Runtime Safety and Reach-avoid Prediction of Stochastic Systems via Observation-aware Barrier Functions
Shenghua Feng, Jie An, Fanjiang Xu
TL;DR
The paper addresses runtime safety and reach-avoid probability prediction for discrete-time stochastic systems with online observations by introducing observation-aware barrier functions ($OBF$, $OSBF$, $ORBF$). It combines offline barrier synthesis via semidefinite programming and sum-of-squares methods with online backward iteration to update probability bounds as new observations arrive, providing rigorous guarantees for conditional safety and reach-avoid events. The approach yields compositional bounds by bounding the observation-sequence probability and the conditioned safety/RA events, and is validated on nonlinear benchmarks where online updates adaptively refine predictions. This framework enables real-time, data-driven safety assurances and lays groundwork for integrating runtime predictions with responsive control in safety-critical stochastic environments.
Abstract
Stochastic dynamical systems have emerged as fundamental models across numerous application domains, providing powerful mathematical representations for capturing uncertain system behavior. In this paper, we address the problem of runtime safety and reach-avoid probability prediction for discrete-time stochastic systems with online observations, i.e., estimating the probability that the system satisfies a given safety or reach-avoid specification.

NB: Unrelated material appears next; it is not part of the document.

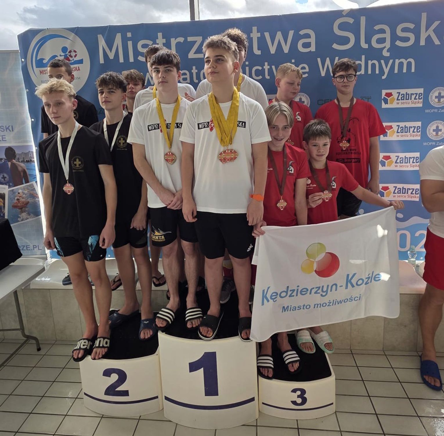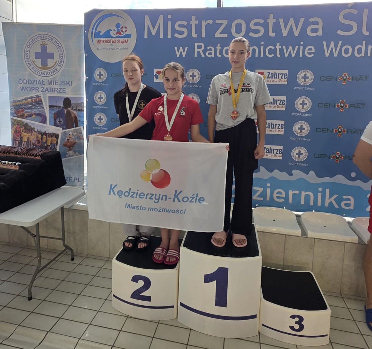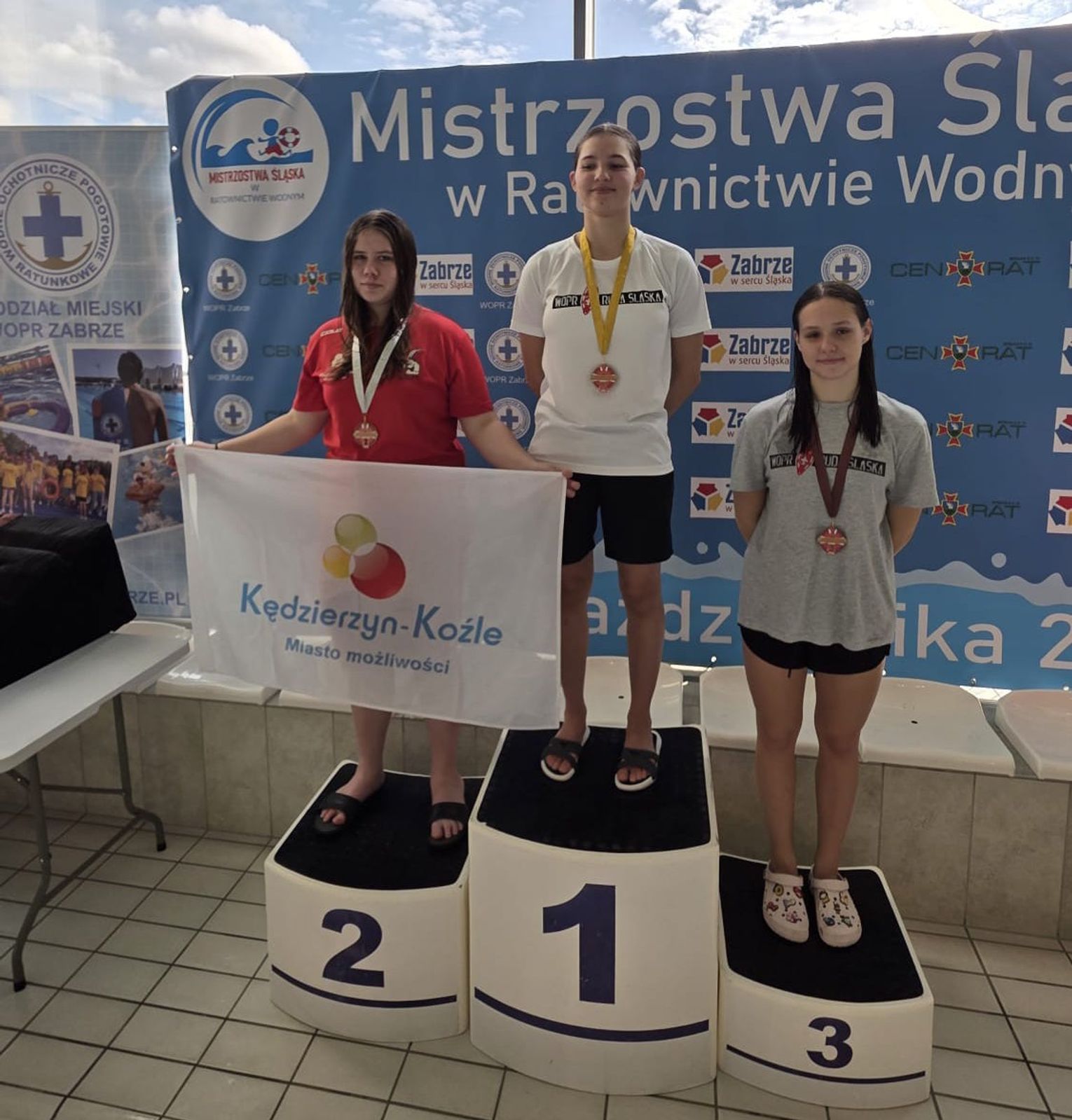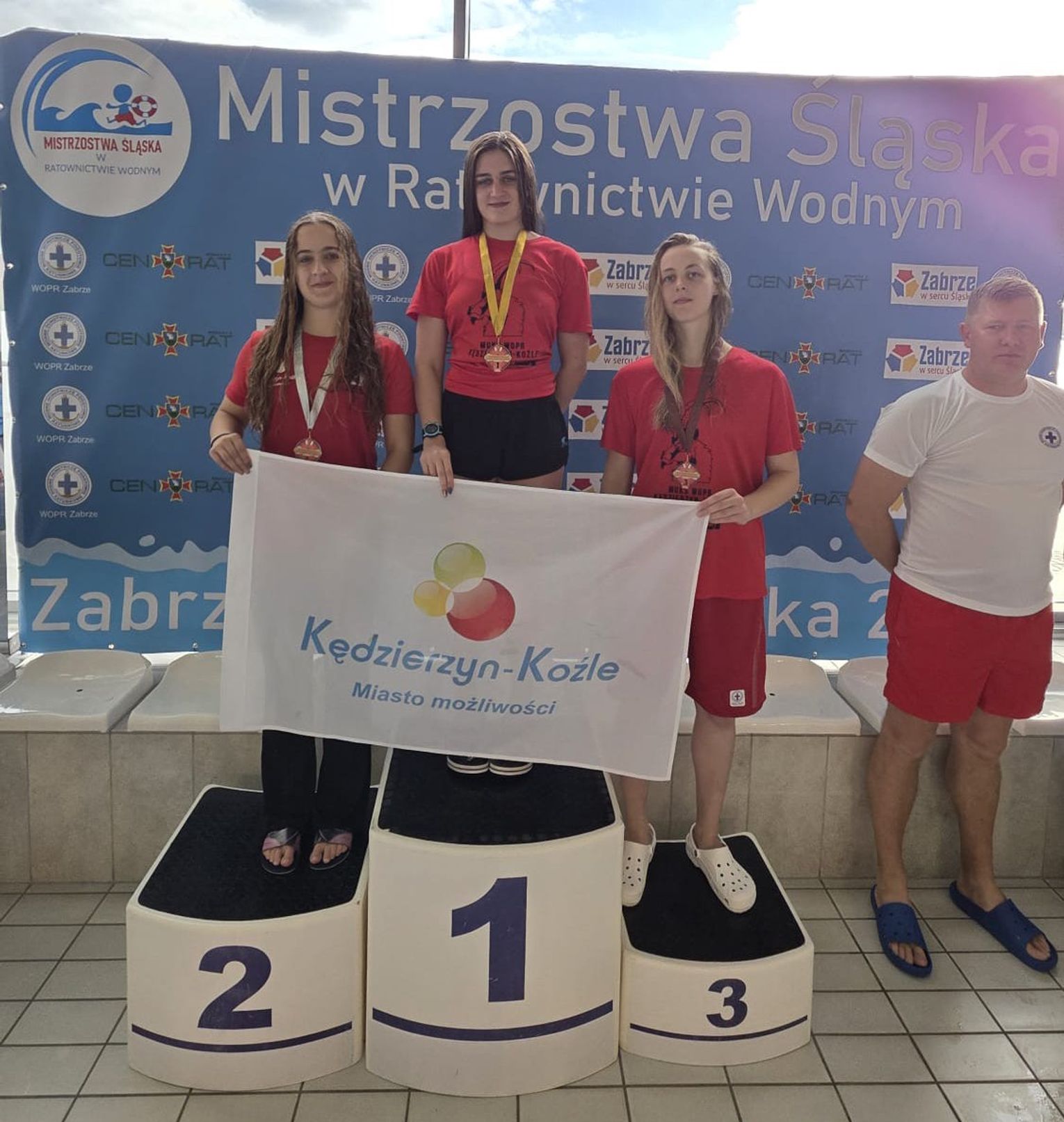 W rywalizacji sztafet 4x50 m z pasem ratowniczym nasze drużyny również stanęły na podium. Drugie miejsce zajęły dziewczyny w składzie: Zofia Rapiejko, Aneta Drabik, Wiktoria Kochowska, Julia Guziak, trzecie były: Magdalena Adamczyk, Milena Sitnik, Martyna Szostak, Lena Lebiecka. Na najniższym stopniu podium stanęły również dwie drużyny chłopców: w kategorii 12-15 lat: Antonii Ćwikłowski, Marcel Stebnicki, Franek Bytnar, Bartek Malinowski oraz w kategorii 16 lat i starsi: Jan Rapiejko, Michał Kałamaga, Karol Rekowski, Maciej Malinowski.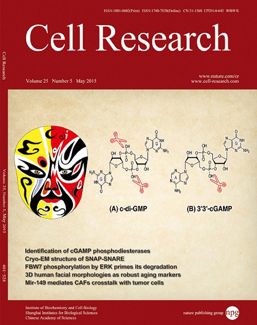 上述成果于2015年4月3日以Article形式在线发表于Cell Research,并被选为该杂志当期的封面文章(如图);同期还配发由美国Memorial Sloan-Kettering癌症中心Dinshaw J Patel教授撰写的题为“V-cGAPs: attenuators of 3′3′-cGAMP signaling”的评论文章。该重大突破一经发表即引起领域内高度关注,瑞典卡罗林斯卡学院Römling教授邀请蒋争凡老师为Current Opinion in Microbiology撰写综述文章,对该热点领域进行回顾、总结并介绍最新研究进展。原文链接为 http://www.cell-research.com/aoparts.asp?id=343

Unlike traditional approaches that rely solely on offline models, we propose a framework that incorporates real-time observations to dynamically refine probability estimates for safety and reach-avoid events. By introducing observation-aware barrier functions, our method adaptively updates probability bounds as new observations are collected, combining efficient offline computation with online backward iteration. This approach enables rigorous and responsive prediction of safety and reach-avoid probabilities under uncertainty. In addition to the theoretical guarantees, experimental results on benchmark systems demonstrate the practical effectiveness of the proposed method.